### Data section
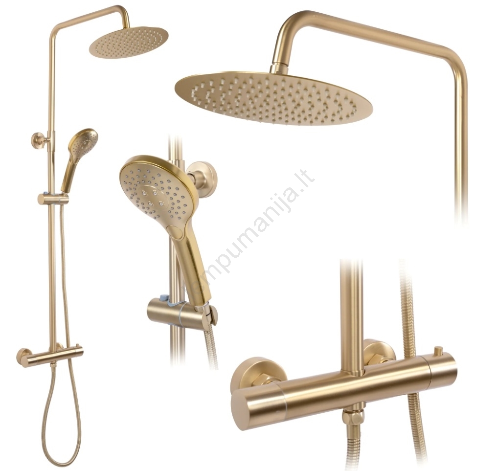 REA-P6602 - VINCENT dušo komplektas su termostatiniu maišytuvu, šlifuoto aukso | Lempumanija
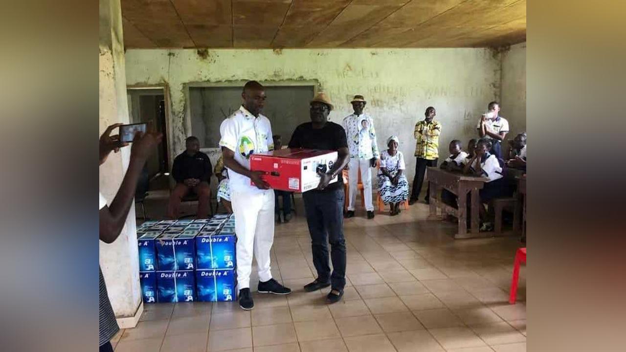 La donation du cadre du PDG était composée essentiellement des ordinateurs complets, des imprimantes (avec cartouche d’encre), des cartons de rames de papier dont les rames de papier spécial/couleur (pour bulletins de notes), des cartons de craies, des paquets de stylos et autres matériel didactique.
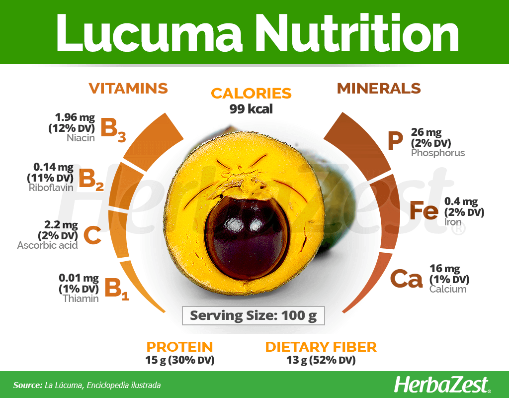 100 grams of fresh lucuma pulp provide 99 calories, as well as 30% and 52% of the daily value for protein and dietary fiber, respectively.

### Instructions to follow
Copy exactly the lines running from the line with "La donation du" to the final line of the listing, keeping both ends and dropping any picture.

### Completed task
 La donation du cadre du PDG était composée essentiellement des ordinateurs complets, des imprimantes (avec cartouche d’encre), des cartons de rames de papier dont les rames de papier spécial/couleur (pour bulletins de notes), des cartons de craies, des paquets de stylos et autres matériel didactique.
 100 grams of fresh lucuma pulp provide 99 calories, as well as 30% and 52% of the daily value for protein and dietary fiber, respectively.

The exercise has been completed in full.